From the region’s longest-running centre at Ernabella, which recently celebrated its 70th anniversary, to Iwantja Arts at Indulkana which counts Archibald and Ramsay Art Prize finalist Vincent Namatjira among its resident artists, these seven APY Lands hubs in north west South Australia have long brought invaluable economic, social and health benefits to artists and their communities.

Six years ago, these centres came together to find new ways to help their artists network and form partnerships around the country. For many artists working in remote communities, simple geographic isolation from the industry and infrastructure of Australia’s professional art world continues to pose a real barrier that social media and technology can only begin to bridge. Although many of the older, established artists of these communities already have such relationships in place, it was important to lay the groundwork for the next generation of young and emerging artists to build sustainable careers.

Freda Brady, Nyurpaya Kaika and Nyunmiti Burton at launch of the APY Gallery in Sydney (Photo: APY Art Centre Collective)

As Amata-based artist and APY Art Centre Collective director Nyunmiti Burton tells The Adelaide Review via interpretor, the decision for the centres to come together was a natural progression. “This is how we do it anyway,” she says of the family lines that run throughout the APY Lands. “We’re telling the same story, and when we work together it makes us stronger. We might have lots of separate companies,” she says, “but it’s one vision, one story.”

Occupying part of the former Night Train complex in Light Square, the Adelaide gallery follows the first anniversary of its successful Sydney counterpart. While the Darlinghurst gallery has been a success, opening an Adelaide centre holds an even greater significance. Out the back of the APY Collective’s new gallery space sits a larger area that once hosted ghost-themed theatrical dining experiences. That space is now being turned into a working studio, that will in effect function as an eighth APY Lands arts centre, and the first to be established off-Country.

APY Collective Adelaide gallery (Photo: Grant Hancock)
APY Art Centre Collective Adelaide gallery (Photo: Grant Hancock)
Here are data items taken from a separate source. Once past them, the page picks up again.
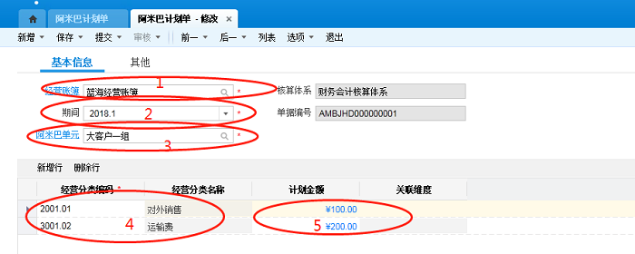 注:阿米巴计划单是以期间为单位,并不支持按日期设置计划,因此如果自定义日期内的阿米巴计划单,是寻找这个自定义日期内所有期间的阿米巴计划值汇总。
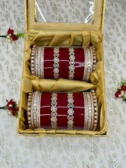 Stunning Ad Bangles with dual colored Ad stone in center of chuda and Same finish Crystal Pachelli bangles at the end with Rose gold polish crystal bangles on sides, all combined with traditional Blood red Seep Bangles.
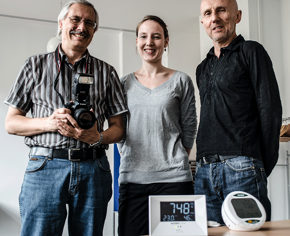 Und schließlich hat sich auch die Agentur, die „Köpfchen statt Kohle“ im Auftrag des Bezirks Pankow entwickelt und in die Schulen bringt – das Büro stratum mit Sitz in Friedrichshain – personell verstärkt, um den 17 teilnehmenden Schulen optimal gerecht zu werden. Mit Hanna Burckhardt ist eine frühere Praktikantin, die „Köpfchen statt Kohle“ bereits kennengelernt hat, jetzt fest angestellt worden. Beim Besuch des „Berliner Woche“-Journalisten Bernd Wähner war sie bereits dabei, um über den Einsatz von CO2-Messgeräten in „Köpfchen statt Kohle“-Projekten zu berichten. Auf dem Foto wird Hanna Burckhardt von Bernd Wähner (li.) und stratum-Geschäftsführer Richard Häusler eingerahmt. Der Artikel in der „Berliner Woche“ ist unter dem Titel „Mit Köpfchen Energie sparen“ bereits erschienen.
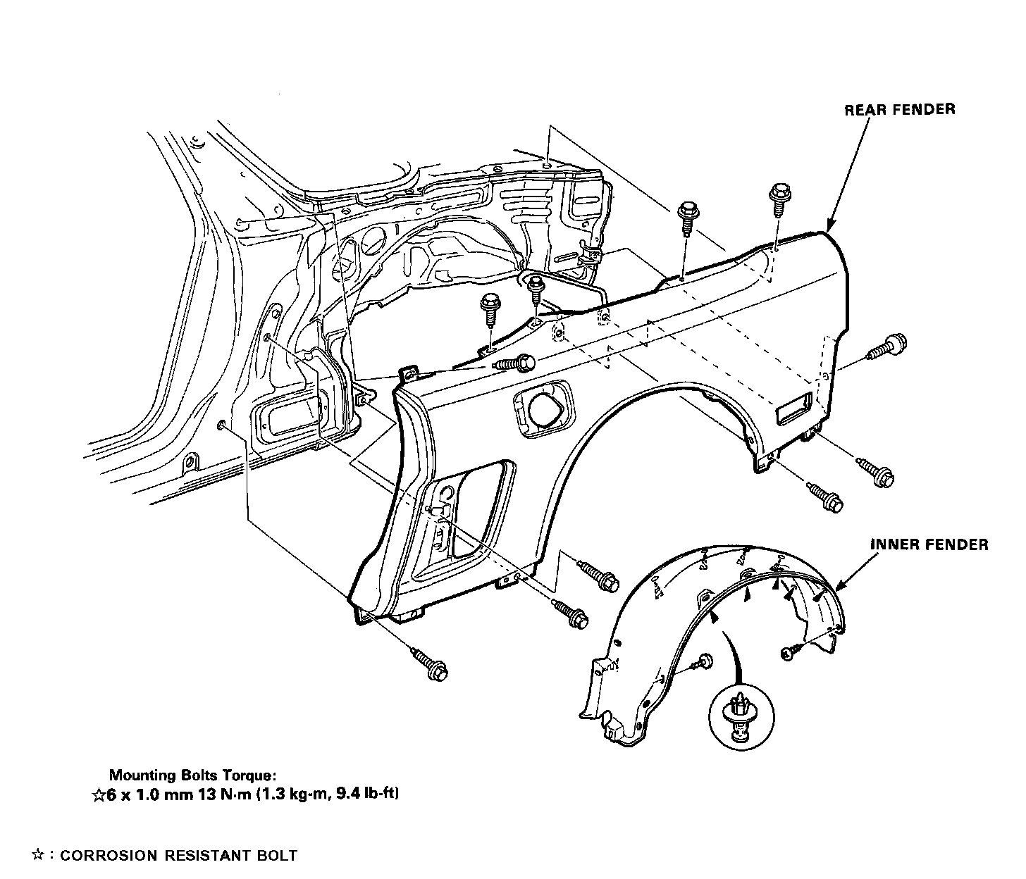 ReplacementNOTE: After installing the rear fender, check the clearance and difference in level between the rear fender and door panel, rear hatch, trunk lid, rear bumper, and rear combination light.
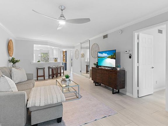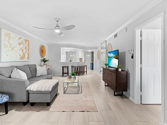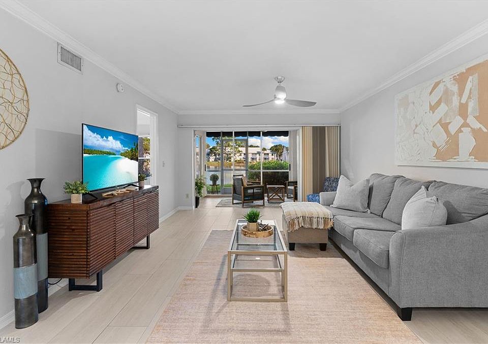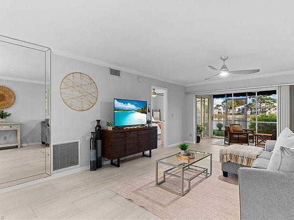 Turnkey Living Near the Beach & Mercato - this ideal location allows you to embrace the true Florida lifestyle—where you can bike or walk to Vanderbilt Beach, the Ritz-Carlton, Mercato, local cafés, and boutiques - plus a short drive to Fifth Ave dining and shopping, and other local attractions! Experience the perfect blend of easy beachside living and low-maintenance luxury in this beautifully updated, furnished first-floor condo in the highly sought-after Pavilion Club gated community. Offering a tranquil lake view and an exceptional North Naples location, this residence places you just minutes from the Gulf’s sandy shores, Mercato’s vibrant shopping and dining scene, and the area’s most beloved attractions. Step inside to a bright and welcoming interior enhanced by new flooring, crown molding, fresh neutral paint, and an abundance of natural light streaming through large windows. The updated kitchen features granite countertops, a tile backsplash, newer appliances, and modern lighting—an ideal setting for preparing meals before heading out for a day by the water. The spacious front flex room, complete with built-in cabinetry and a large window, can serve as a den, dining area, or cozy reading nook. The main living area opens seamlessly to a private, air-conditioned glass-enclosed lanai where you can enjoy morning coffee or evening cocktails while taking in peaceful lake views. The primary suite offers a relaxing retreat with a generous walk-in closet, ensuite bath with double sinks, and tiled walk-in shower. A comfortable guest bedroom with ample storage and a nearby bath with a tub and shower provides inviting accommodations for visitors. A separate laundry room adds everyday practicality to this thoughtful floor plan. Pavilion Club residents enjoy a heated pool, clubhouse, BBQ and picnic area, and biking and jogging paths, creating a welcoming atmosphere for those seeking community and connection. Whether you’re searching for a year-round residence or a seasonal getaway, this home delivers turnkey convenience, modern comfort, and an enviable Naples address that captures the essence of effortless Naples beach lifestyle living.
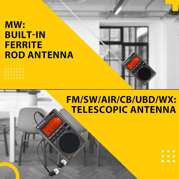 - Tragbares Vollbandradio; MW FM SW CB UBD; Wetterband mit Alarm; Flugband für Benutzer die häufig mit dem Flugzeug fliegen; Multiband-Radio mit SSB; Ein Seitenband ist effizient um Informationen über grosse Entfernungen zu erhalten
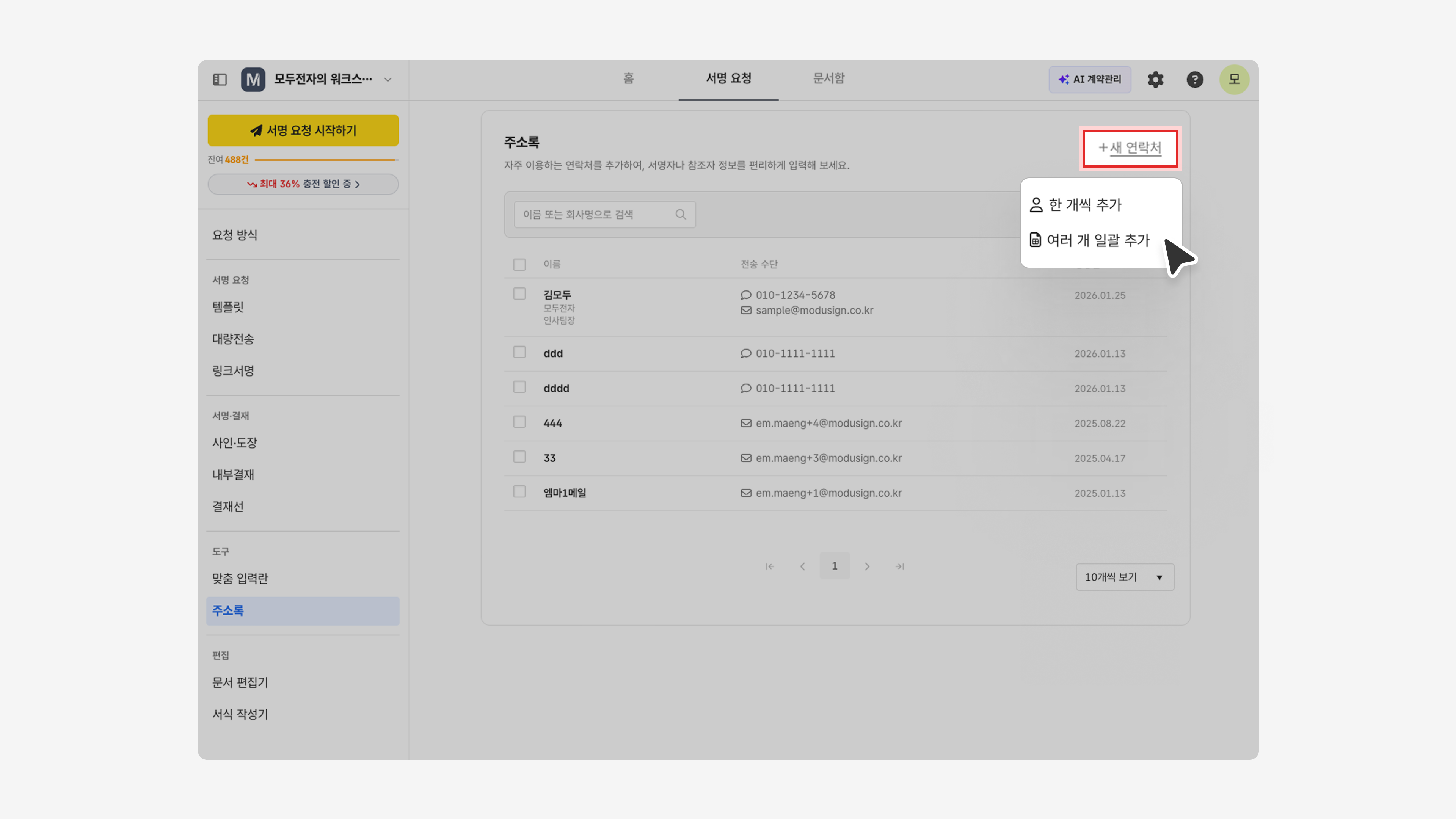상단 중앙의 '서명 요청' > 주소록 메뉴에서 [+새 연락처] 버튼 내 [한 개씩 추가] 를 클릭합니다.

Forging an important link between the city and the APY Lands, the studio will allow artists to continue their work while visiting family and healthcare providers in Adelaide. Until renal care facilities at Ernabella open, APY Lands residents must travel to Adelaide for treatment which can place great stress on artists and their families. The collective has partnered with Purple House and NPY Women’s Council to make that process smoother, with shuttle buses running between the centre and treatment facilities.

The APY Art Centre Collective was established by and for Anangu artists, initially funded from the proceeds of art sales without government intervention. While its supporters now include federal and state governments and the Australia Council, the agency and self-determination of the Anangu community remains central. In an industry that has often relied on non-Indigenous art dealers and galleries as intermediaries, such artist-run initiatives work to reshape the power balance of the art world and reduce exploitation.

APY Collective Adelaide gallery (Photo: Grant Hancock)
APY Art Centre Collective Adelaide gallery (Photo: Grant Hancock)

But, most importantly, it will secure a future for Anangu artists, on their own terms. “These men had this idea because their culture is so strong and important,” Burton says of the elders who laid the groundwork for today’s arts centres. “They knew that they had to find new ways of handing it down, because people were away from home.

“We’re all one big family, [but] our family’s a long way away having a city life – people are really sick down here, on dialysis,” Burton says. “We miss their faces, so now we’re together again. This is the final piece, we’re together again through this space.”

APY Art Centre Collective
9 Light Square

Header image:
Sharon Adamson of Tjala Arts and her son Walter in Amata (Photo: Tjala Arts)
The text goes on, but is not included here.